Second, it should be argued why the algorithm achieves its stated goal. Ideally, the goal should be stated explicitly as a problem formulation [2], in which case a formal proof of correctness (or at least a coherent argument) should be given. Sometimes, the correctness is obvious from the construction, especially in the case of a data structure, and a separate proof is not needed. It should also be made clear if the algorithm solves the problem exactly or is a heuristic. If the algorithm is a heuristic and no argument of correctness is necessary, it should be made clear.

Finally, if the algorithm is evaluated empirically, it is essential that the correctness of the algorithm is explicitly verified for the experiments, if possible. This can be a simple one line that says, for example, “We verified that the new data structure gives the same answers to queries as the previous one on all the evaluated data sets.” However, without this check, how does the reader know that the algorithm is not twice as fast as the competition just because it has a bug? Sometimes, however, a verification is not possible when the ground truth is ambiguous.

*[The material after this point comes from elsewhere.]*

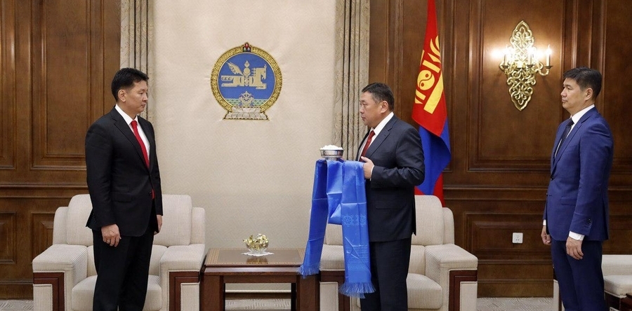 Ulaanbaatar /MONTSAME/ Speaker of Parliament M.Enkhbold received Prime Minister U.Khurelsukh on October 4 to congratulate on his appointment earlier on the day. “Parliament members have shown 100 per cent support to the appointment of the 30th Prime Minister,” noted the Speaker, offering personal congratulations. Speaker M.Enkhbold wished all the best in his term, expressing confidence that the newly appointed Prime Minister will uphold justice and unity. Ts.Tsolmon, Secretary-General of Parliamentary Office was present at the meeting. Kh.Aminaa

Rule 10: Give a theoretical and/or empirical analysis of running time or memory usage

In most cases, it is important for an algorithmic bioinformatics paper to present the running time and memory usage of the algorithm, either through experimental evaluation and/or theoretical analysis. This is a very natural thing to do for computer scientists, but I sometimes find that researchers with a different background forget to include this. In other cases, the authors do not include any memory or time analysis because they know that it is tiny and besides the main point, but it may not be at all obvious to the reader. In such cases, a simple statement to the effect that the memory usage or running time is negligible and/or unimportant would suffice. Finally, make sure to state the specific details of the machine used, to the extent they are relevant to your algorithm; for example, "Intel Xeon CPU with 512 GB of RAM and 64 cores at 2.10 GHz."

Conclusion

This list includes only the most basic rules and is not intended to be exhaustive. In a competitive venue, a paper is usually accepted based on its strengths rather than a lack of weaknesses, and following these simple rules will not necessarily get your paper accepted. However, in my experience, breaking these rules can significantly decrease a paper's chance to be accepted.

These rules are also focused on aspects that are somewhat specific to algorithmic bioinformatics in relation to biology. There are of course much broader aspects about how to write a scientific paper, e.g., cohesion, conciseness, clarity, structure, and argumentation. These are outside the scope of this paper, but there are excellent books [3, 4] and even other Ten Simple Rules articles [5] that address these aspects.

References

  1. 1. Simmons JP, Nelson LD, Simonsohn U. False-Positive Psychology: Undisclosed Flexibility in Data Collection and Analysis Allows Presenting Anything as Significant. Psychological Science. 2011;22(11):1359–1366. pmid:22006061
  2. 2. Medvedev P. Modeling biological problems in computer science: a case study in genome assembly. Briefings in bioinformatics. 2019;20(4):1376–1383. pmid:29394324
  3. 3. Schimel J. Writing science: how to write papers that get cited and proposals that get funded. OUP USA; 2012.
  4. 4. Williams J. Toward Clarity and Grace; 1990.
  5. 5. Mensh B, Kording K. Ten simple rules for structuring papers. PLoS Comput Biol. 2017;13(9).